PROBLEM DETAILS: Once you find the line with "(3)图中自然保护区位于神女峰的_________方向。" in the entries below, print it and each line after it up to and including the line with "Avbildning föreställande eldrör", exactly, without pictures.
RECORDS FOR THE EXERCISE below:
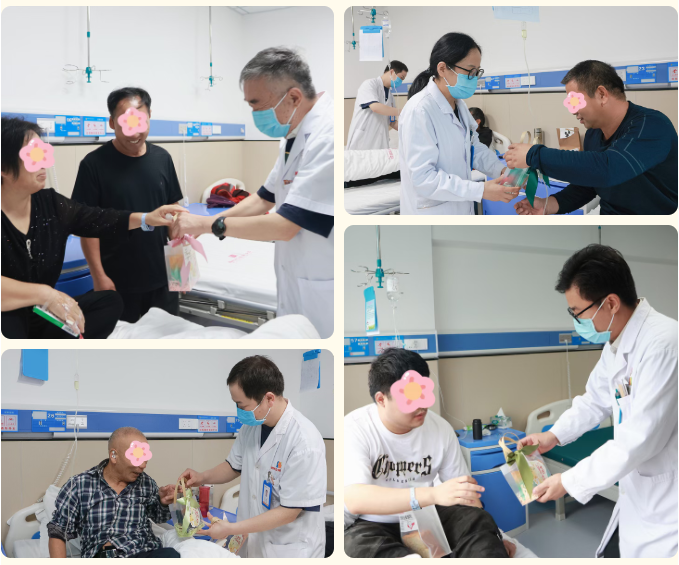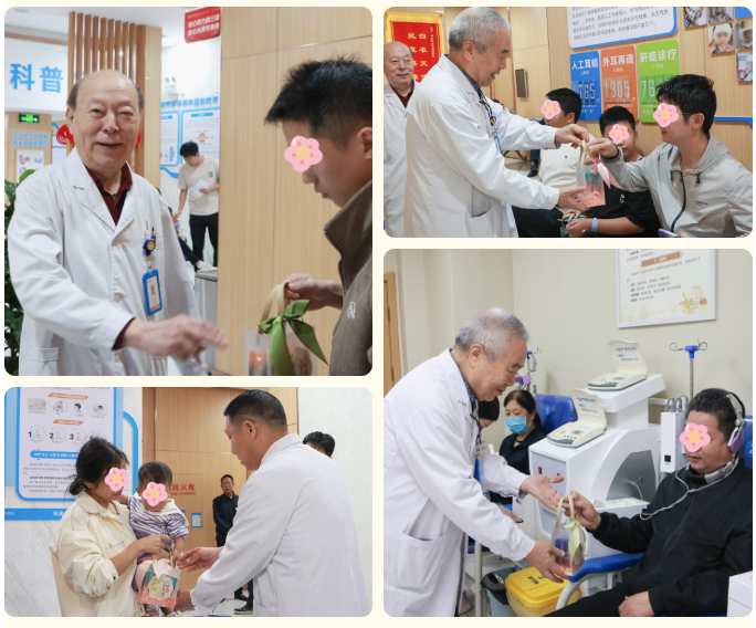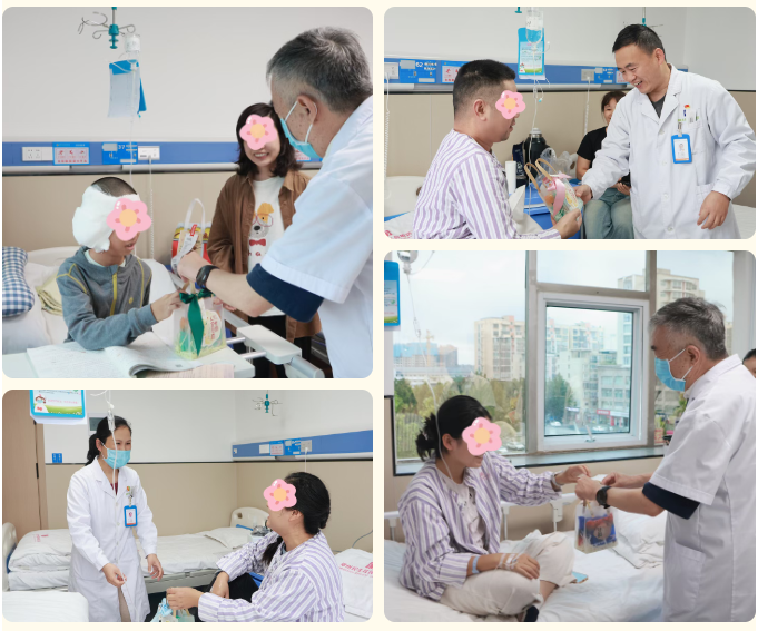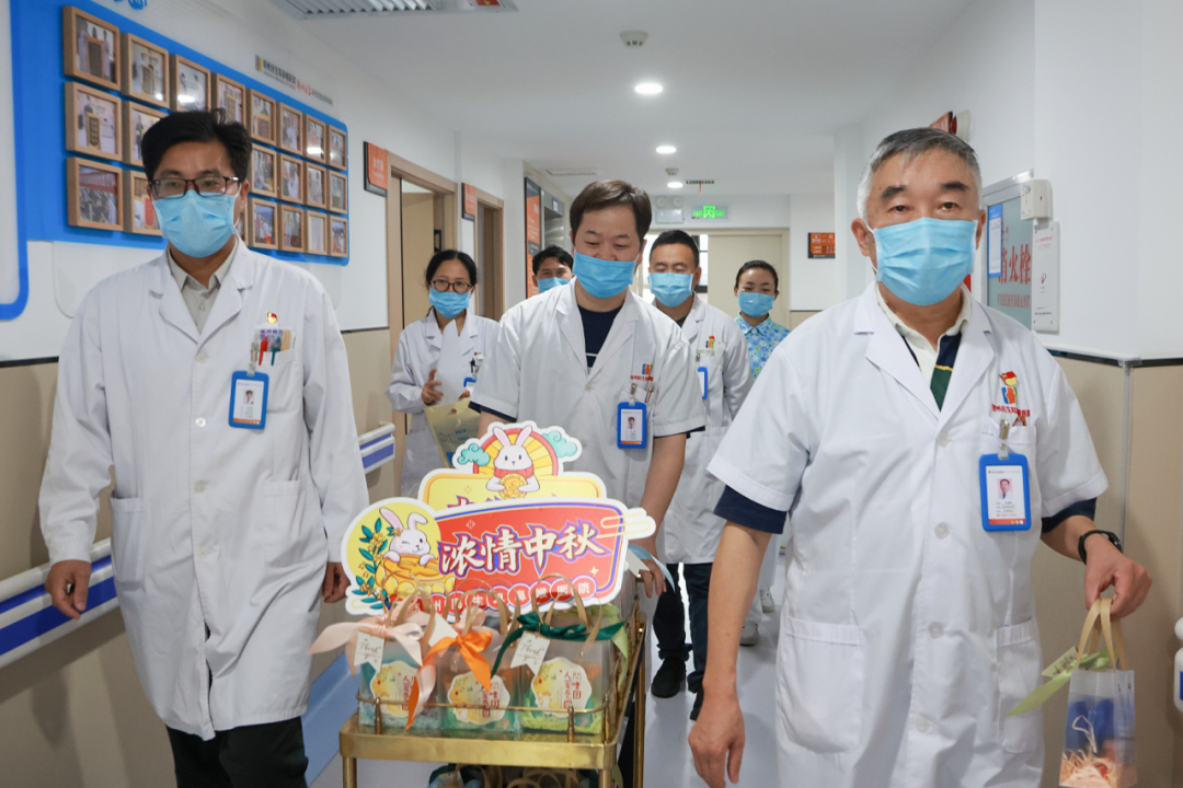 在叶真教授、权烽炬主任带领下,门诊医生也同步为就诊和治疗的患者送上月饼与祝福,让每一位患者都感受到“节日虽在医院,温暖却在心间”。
End of RECORDS FOR THE EXERCISE.
RECORDS FOR THE EXERCISE below:
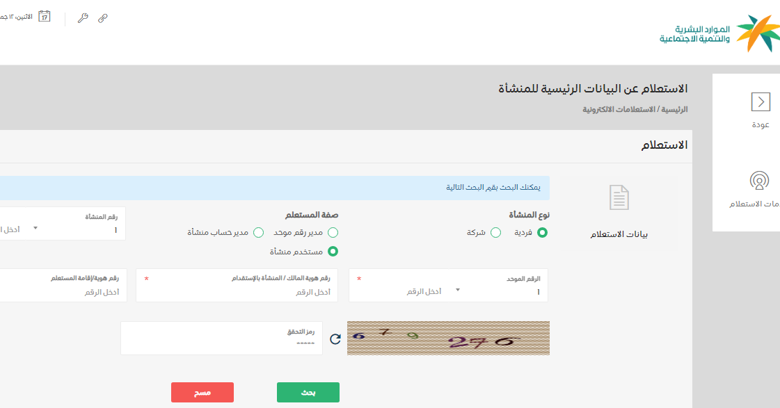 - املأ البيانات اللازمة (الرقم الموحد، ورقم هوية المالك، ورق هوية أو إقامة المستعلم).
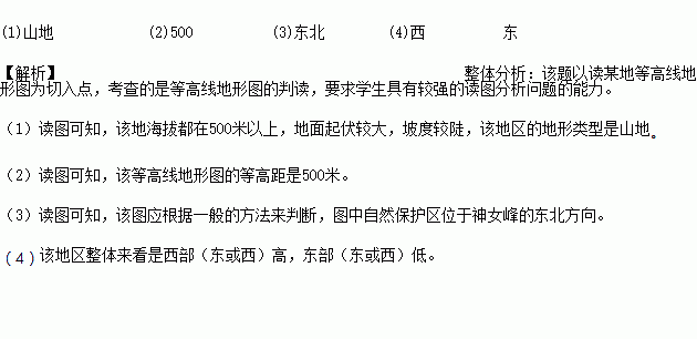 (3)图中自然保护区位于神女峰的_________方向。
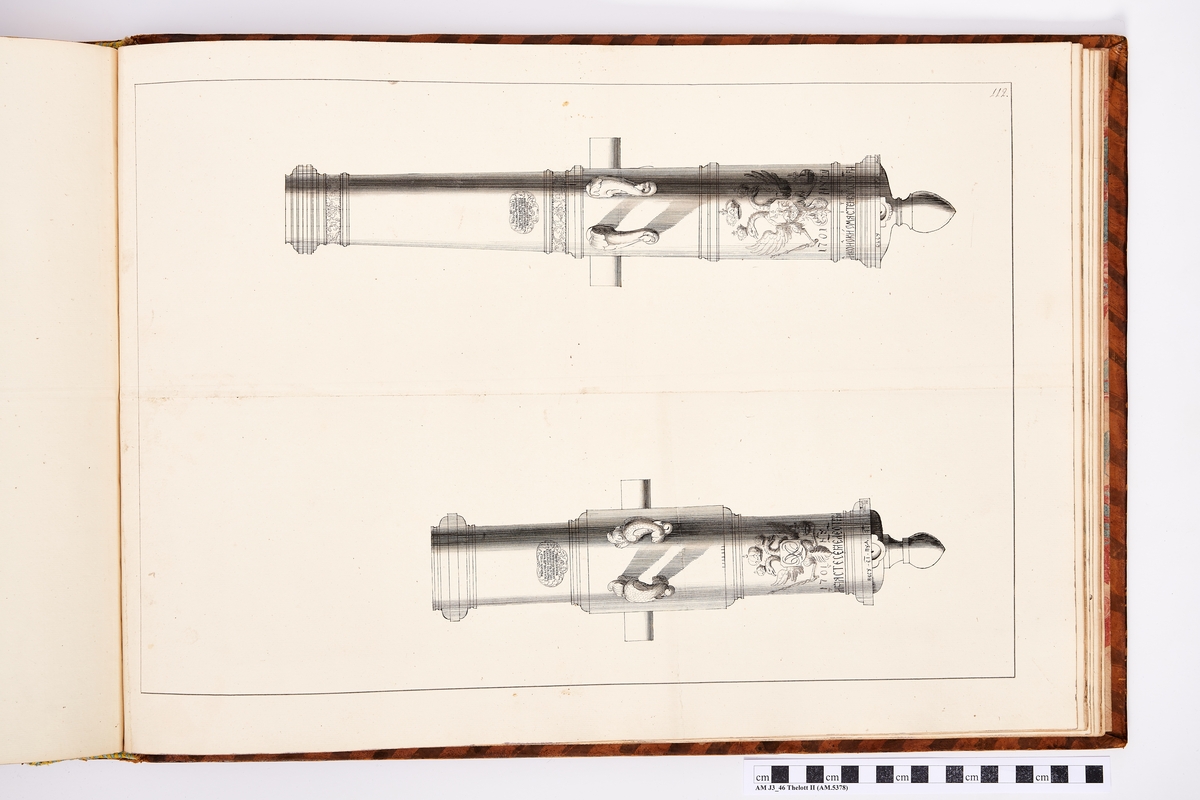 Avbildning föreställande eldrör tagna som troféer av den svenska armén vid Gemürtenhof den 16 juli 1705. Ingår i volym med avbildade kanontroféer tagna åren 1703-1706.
End of RECORDS FOR THE EXERCISE.
RECORDS FOR THE EXERCISE below:
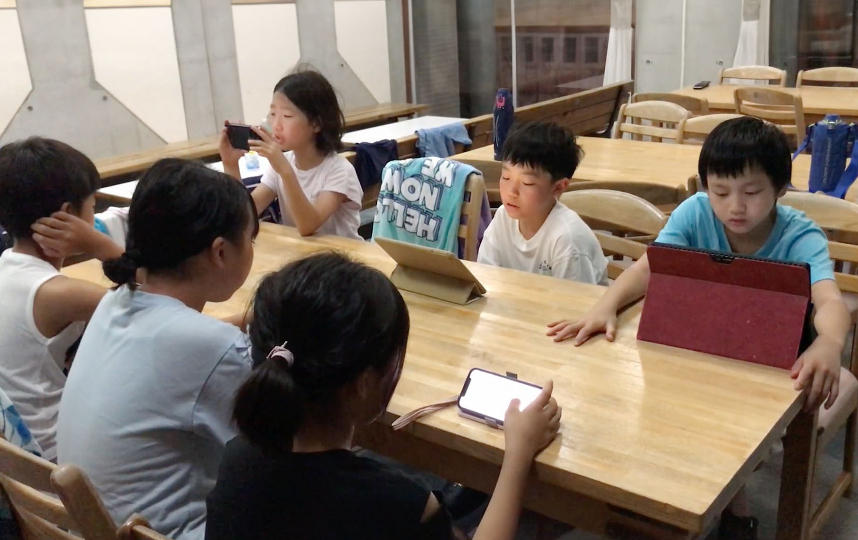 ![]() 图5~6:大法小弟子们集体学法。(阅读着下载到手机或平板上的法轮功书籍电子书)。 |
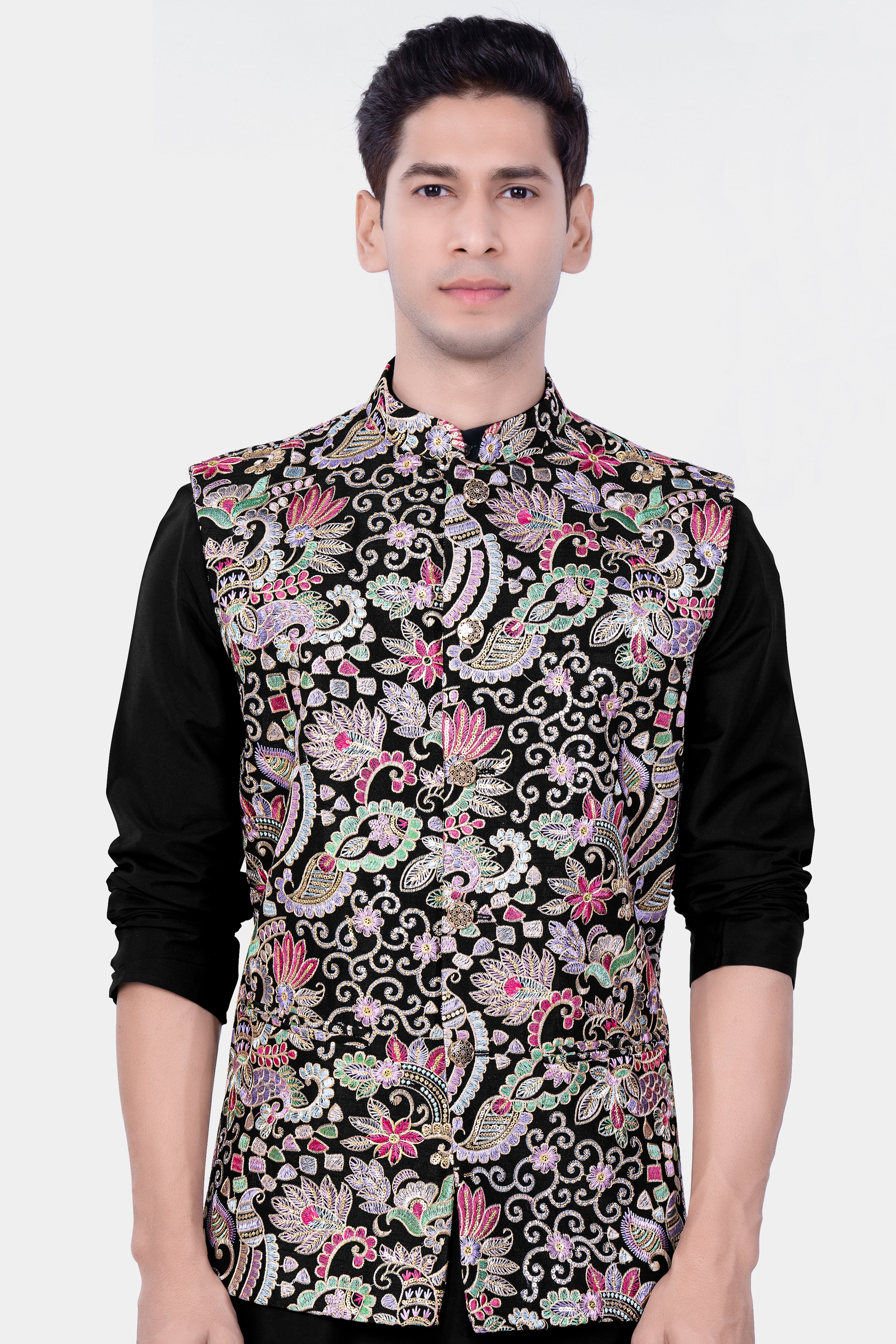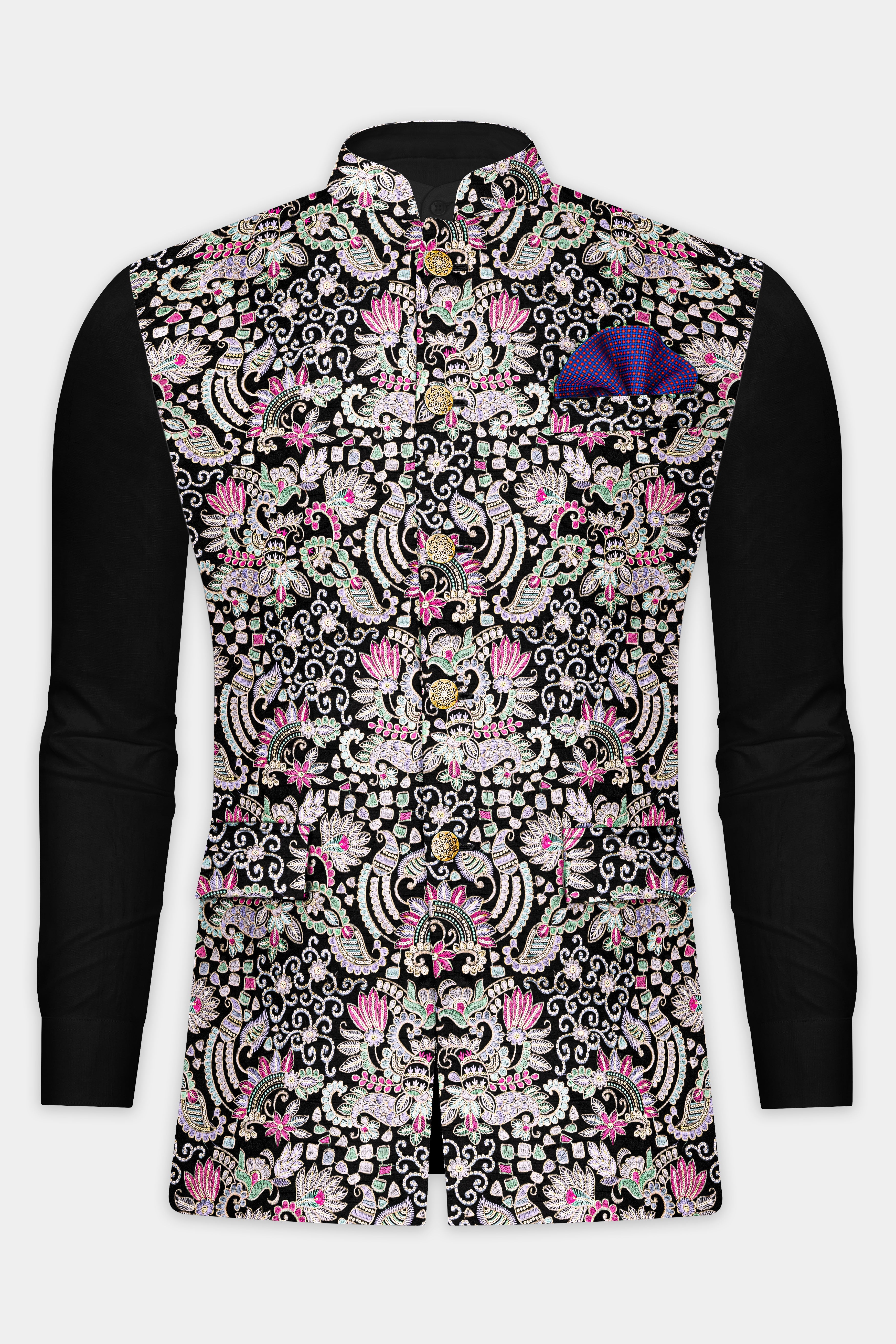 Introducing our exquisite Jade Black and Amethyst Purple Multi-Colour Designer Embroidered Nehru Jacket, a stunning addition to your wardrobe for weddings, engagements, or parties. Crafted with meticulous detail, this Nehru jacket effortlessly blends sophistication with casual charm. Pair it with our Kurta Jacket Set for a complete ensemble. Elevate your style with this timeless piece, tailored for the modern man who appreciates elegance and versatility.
End of RECORDS FOR THE EXERCISE.
TASK ANSWER:
 (3)图中自然保护区位于神女峰的_________方向。
 Avbildning föreställande eldrör tagna som troféer av den svenska armén vid Gemürtenhof den 16 juli 1705. Ingår i volym med avbildade kanontroféer tagna åren 1703-1706.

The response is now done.